In reality, people in Bakhmut had a warm attitude towards Russia, and no one was discouraged from having it. Head of the city Oleksiy Reva was a member of the Party of the Regions (a pro-Russian political party that ousted Ukrainian President Viktor Yanukovych belonged totranslator’s note), while the majority of seats in the City Parliament were filled not with pro-Western deputies but with representatives of pro-Russian political parties.

Despite Bakhmut’s loyalty to the eastern neighbour, it was not considered an outcast. New buildings were being built, tourist infrastructure was being developed, money was allocated for the renovation works, and production was expanding. In 2019, the residents were polled on what improvements they would like to see in the city. There were 20 options to choose from, including public transport renovation, expansion of the recycling programme, environment and city improvements. The residents said that they would like to see new factories opened and new jobs created.

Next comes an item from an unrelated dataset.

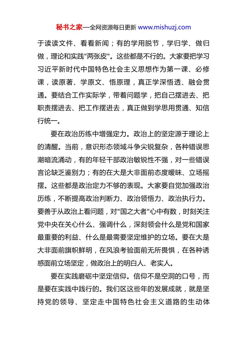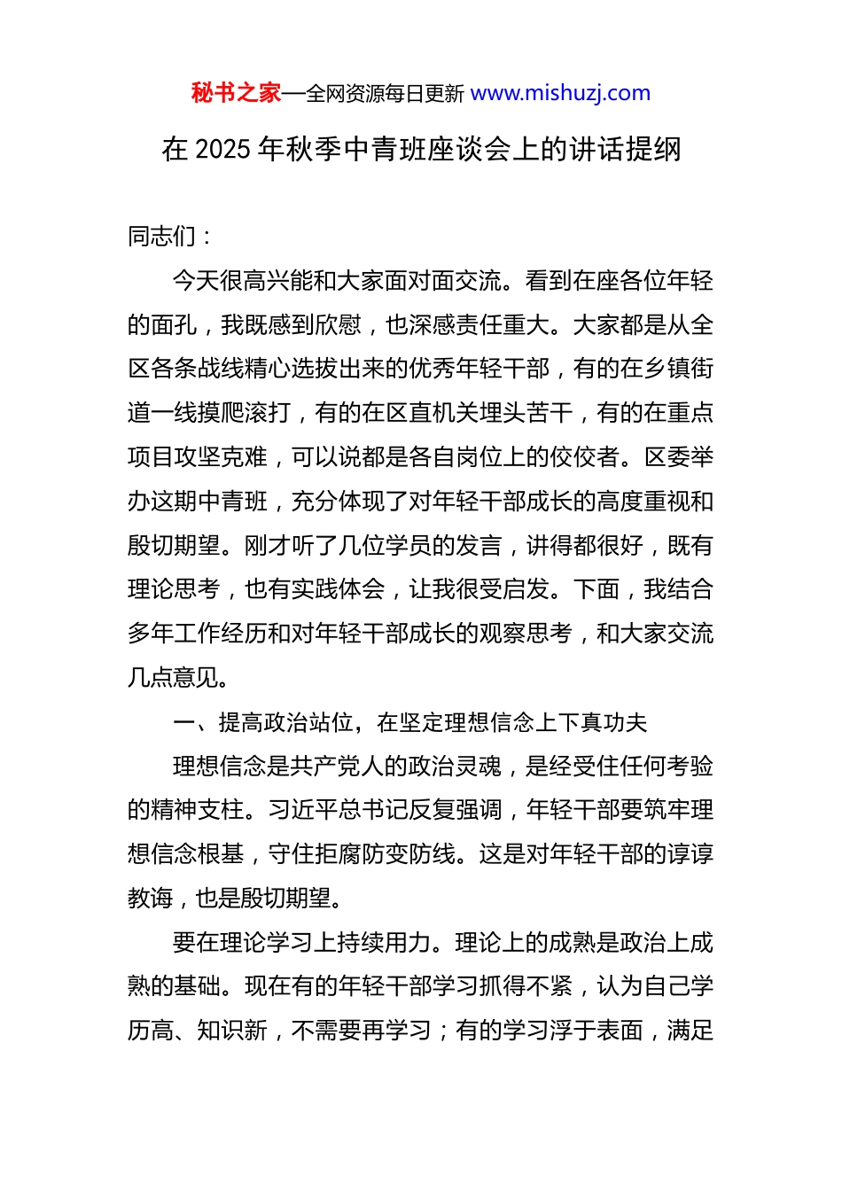 秘书之家—全网资源每日更新 www.mishuzj.com在 2025 年秋季中青班座谈会上的讲话提纲 同志们:今天很高兴能和大家面对面交流。看到在座各位年轻的面孔,我既感到欣慰,也深感责任重大。大家都是从全区各条战线精心选拔出来的优秀年轻干部,有的在乡镇街道一线摸爬滚打,有的在区直机关埋头苦干,有的在重点项目攻坚克难,可以说都是各自岗位上的佼佼者。区委举办这期中青班,充分体现了对年轻干部成长的高度重视和殷切期望。刚才听了几位学员的发言,讲得都很好,既有理论思考,也有实践体会,让我很受启发。下面,我结合多年工作经历和对年轻干部成长的观察思考,和大家交流几点意见。一、提高政治站位,在坚定理想信念上下真功夫理想信念是共产党人的政治灵魂,是经受住任何考验的精神支柱。习近平总书记反复强调,年轻干部要筑牢理想信念根基,守住拒腐防变防线。这是对年轻干部的谆谆教诲,也是殷切期望。要在理论学习上持续用力。理论上的成熟是政治上成熟的基础。现在有的年轻干部学习抓得不紧,认为自己学历高、知识新,不需要再学习;有的学习浮于表面,满足秘书之家—全网资源每日更新 www.mishuzj.com于读读文件、看看新闻;有的学用脱节,学归学、做归做,理论和实践"两张皮"。这些都是不行的。大家要把学习习近平新时代中国特色社会主义思想作为第一课、必修课,读原著、学原文、悟原理,真正学深悟透、融会贯通。要结合工作实际学,带着问题学,把自己摆进去、把职责摆进去、把工作摆进去,真正做到学思用贯通、知信行统一。要在政治历练中增强定力。政治上的坚定源于理论上的清醒。当前,意识形态领域斗争尖锐复杂,各种错误思潮暗流涌动,有的年轻干部政治敏锐性不强,对一些错误言论缺乏鉴别力;有的在大是大非面前态度暧昧、立场摇摆。这些都是政治定力不够的表现。大家要自觉加强政治历练,不断提高政治判断力、政治领悟力、政治执行力。要善于从政治上看问题,对"国之大者"心中有数,时刻关注党中央在关心什么、强调什么,深刻领会什么是党和国家最重要的利益、什么是最需要坚定维护的立场。要在大是大非面前旗帜鲜明,在风浪考验面前无所畏惧,在各种诱惑面前立场坚定,做政治上的明白人、老实人。要在实践磨砺中坚定信仰。信仰不是空洞的口号,而是要在实践中践行的。我们区这些年的发展成就,就是坚持党的领导、坚定走中国特色社会主义道路的生动体秘书之家—全网资源每日更新 www.mishuzj.com现。2024 年全区地区生产总值突破×亿元,城乡居民人均可支配收入分别达到×元和×元,这些实实在在的成绩,充分证明了中国特色社会主义制度的优越性。大家要从全区改革发展的生动实践中,从人民群众生活的显著改善中,进一步坚定"四个自信",增强"四个意识",做到"两个维护",把对党忠诚、为党分忧、为党尽职、为民造福作为根本政治担当。二、强化能力建设,在提升专业素养上下苦功夫能力是立身之本、成事之基。当前,全区正处在推动高质量发展、加快现代化建设的关键时期,对干部的能力素质提出了更高要求。作为年轻干部,必须强化能力建设,不断提升专业素养。要提升战略思维能力。战略问题是一个政党、一个国家的根本性问题。现在有的干部缺乏战略眼光,看问题只见树木不见森林,抓工作只顾眼前不管长远;有的站位不高,习惯于就事论事,不善于从全局谋划一域。这些都是战略思维能力不强的表现。大家要自觉站在全局高度思考问题,善于把握大势、抓住关键、谋划长远。要把本地区本部门的工作放到全区发展大局中去思考、去定位、去摆布,做到既为一域争光、更为全局添彩。要提升创新思维能力。创新是引领发展的第一动力。秘书之家—全网资源每日更新 www.mishuzj.com当前,我们面临的形势在变、任务在变、工作要求也在变,老办法不管用、新办法不会用的问题比较突出。有的干部思想僵化、因循守旧,习惯于按老套路办事;有的不敢创新、不愿创新,怕担风险、怕担责任。这些都是创新能力不足的表现。大家要解放思想、开动脑筋,敢于突破传统思维定势,善于用改革的办法、创新的思路解决发展中的问题。要大胆探索、勇于实践,不怕失败、不怕挫折,在创新中积...

The Artemivsk Sparkling Wine Company. Photo: ya-rinka / LJ

The Artemivsk City Administration. Photo: Anastasia Fedorenko

One of Bakhmut’s schools. Photo: Wikimedia

One can’t say that Bakhmut did not have its own issues. The salaries here were lower than the national average. By the way, despite the majority of the city population being Ukrainians, less than half of them spoke their native language; people in Bakhmut mainly spoke Russian. And although Russian didn’t have the official language status, it was the language used to teach in the city’s schools. 

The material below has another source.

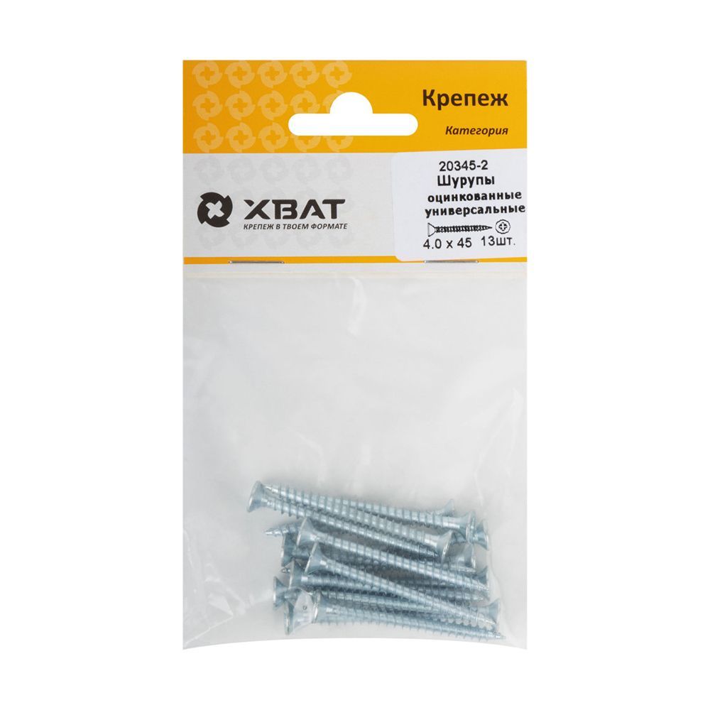 Шурупы оцинкованные, универсальные 4 х 45 (фасовка 13 шт)

In 2014, after Euromaidan, a parliamentary election was held in the city, with 59% of votes going to the parties that opposed the new Ukrainian government. Although the voter turn-out was very low — just 29.6%.

What’s in a name?

Still, Bakhmut wasn’t keen on living in the Soviet paradigm which was starting to overtake Russia in the 2010s. When a monument to Russian politician Fedor Sergeyev (also known as Comrade Artyom, in whose honour the city was renamed to Artemivsk in 1924) was dismantled in the city in 2015, there were no mass protests about it. 

There was more of a debate about the city being renamed — until 2015, it still carried the Soviet name Artemivsk. The first attempt to return the historical name had been carried out not long before Ukraine gained independence in 1991. But back then, only 25% of the city population voted for going back to the name Bakhmut.

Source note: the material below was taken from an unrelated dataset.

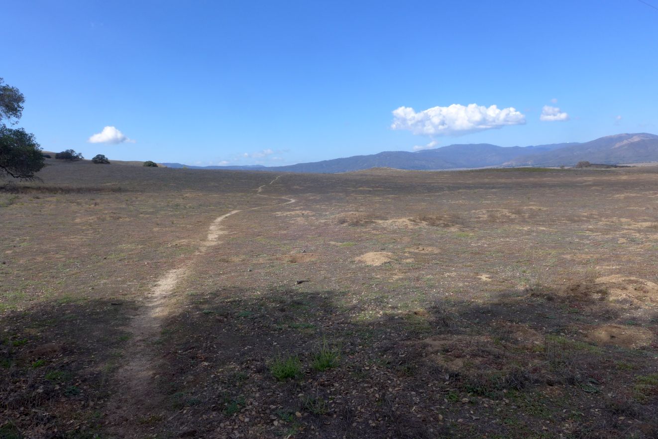 This is a pleasant short hike as you continue along the grasslands in this geologic basin filled with alluvium. As you enter some bedrock, the plant diversity increases and the grasslands change into a oak woodland. The oaks provide welcoming shade as you then continue through them following a wide dry streambed.

The issue was raised again after the start of the conflict in eastern Ukraine in 2014. The troops of the self-proclaimed Donetsk “people’s republic” entered the city at the very beginning of the conflict, in April. But Artemivsk did not stay under the control of the unrecognised republic for long — three months later, the separatists left the city under pressure from the Ukrainian army. 

A year later, during a shelling conducted from the east, dozens of residential buildings were destroyed and several civilians were killed. In pursuance of the Ukrainian decree on decommunisation, the monument to Comrade Artyom was dismantled and later the city was given its historical name of Bakhmut back. It is of note that Russian state media covered it precisely like that: “Artemivsk City in Donbas given its historical name Bakhmut back” was a headline on the website of RIA Novosti, Russia’s state news agency. However, nowadays Russian state media and Ministry of Defence pointedly refer to the city by its Soviet name, Artemivsk (or the Russian spelling of it, Artemovsk).

The opinion of the residents on the subject, according to countless polls conducted by the media in 2015, was about fifty-fifty. There was neither a referendum on the subject nor mass protests being held.

Bakhmut. Image captured by MAXAR company and posted on Telegram channel of Russian war correspondent Kotenok Z

P.S.

Life in Bakhmut was not perfect, neither was the local government system. But still, it was a life. In recent years, an embankment and one of the city squares were reconstructed. The stadium where the Ukrainian paralympic team trained was located in Bakhmut. And there was an alley with 6,500 roses…

In February 2023, Russia’s state media shared quadcopter footage — the 40-second video showed ruins of residential buildings, with no window left unshattered.